The shaky economy, seasonality and tight credit took their toll on builder confidence this month as the National Association of Home Builders Wells Fargo Housing Market Index dropped one point from November to 16. The HMI, released early Tuesday afternoon, pressured the home builder stocks, nearly all of which fell from their intraday highs on the news.
The drop to three points below the 2009 peak of 19 in September was down from a reading of 17 in November and a downwardly revised index of 17 in October. It remained well above its historic low of 8 in January. A reading higher than 50 indicates optimism among respondents.
The decline, however, was not evident in three of the four regional HMIs.Builder confidence in the Northeast increased 3 points to 23, was up a point in the West to 19 and remained flat with November in the South at 17. The Midwest index fell 2 points to 12.
It was evident in two of the three component indices of the overall HMI, with the gauge for current sales conditions dropping a point to 16, that for sales expectations for the next six months losing two points to 26 and the component index for traffic of prospective buyers remaining flat at 13.

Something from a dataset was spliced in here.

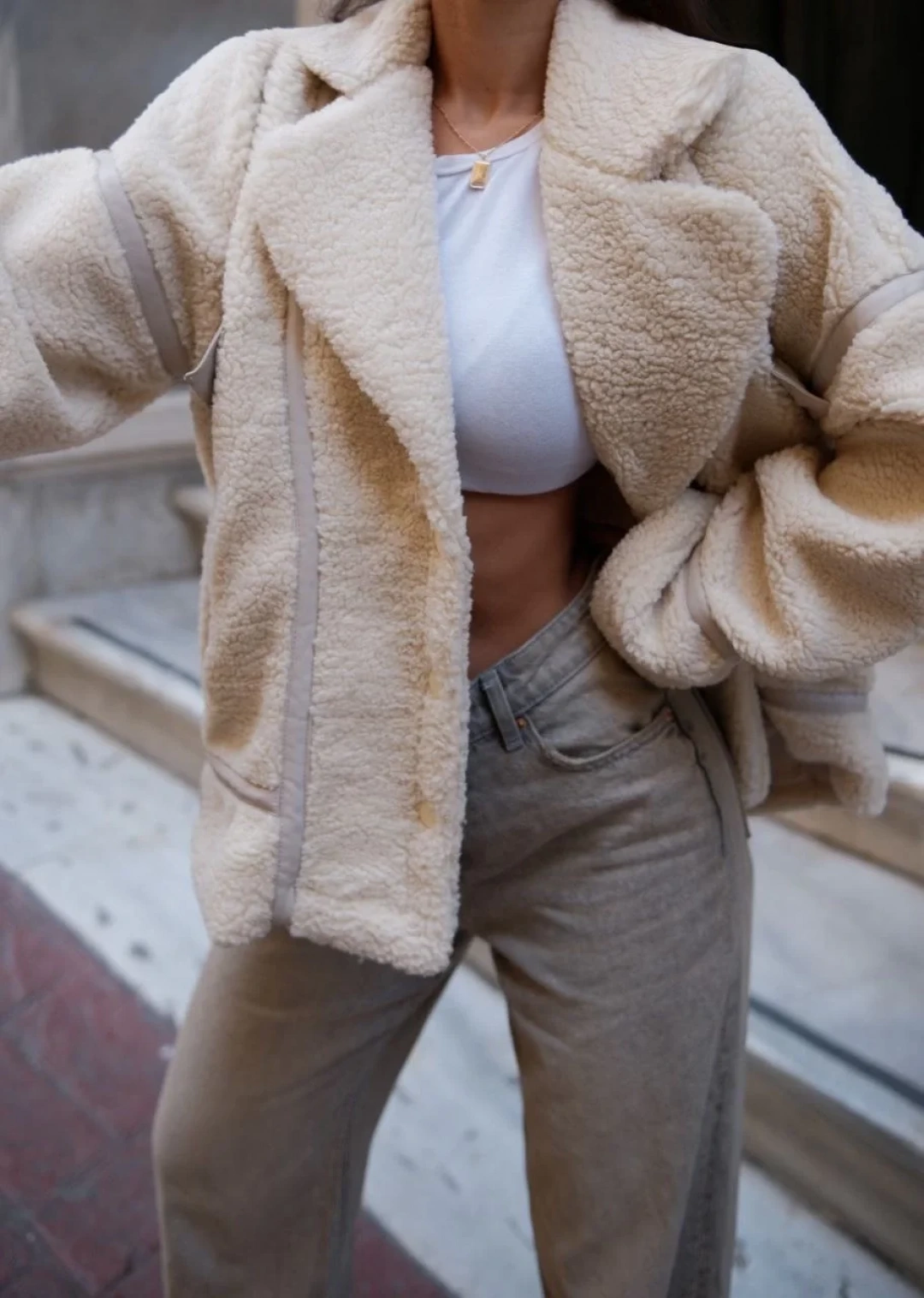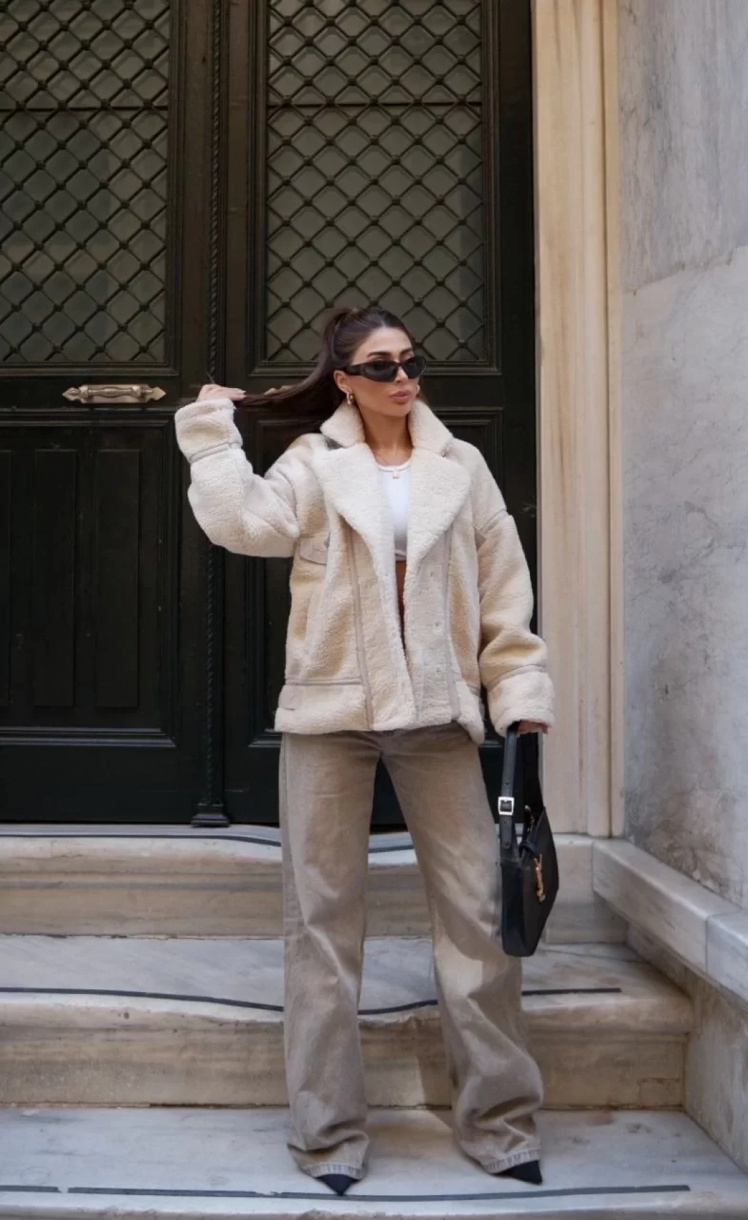 Cıt Cıt Detaylı Peluş Mont Ceket - Beyaz

"As we anticipated, this is shaping up to be a bumpy recovery period for the housing market," said David Crowe, NAHB chief economist. "While some families may be just starting to factor the expanded tax credit into their potential home buying plans, many are hesitating because of the poor economy. At the same time, tight lending conditions for both consumers and home builders continue to pose considerable obstacles on the road to a sustained housing and economic recovery."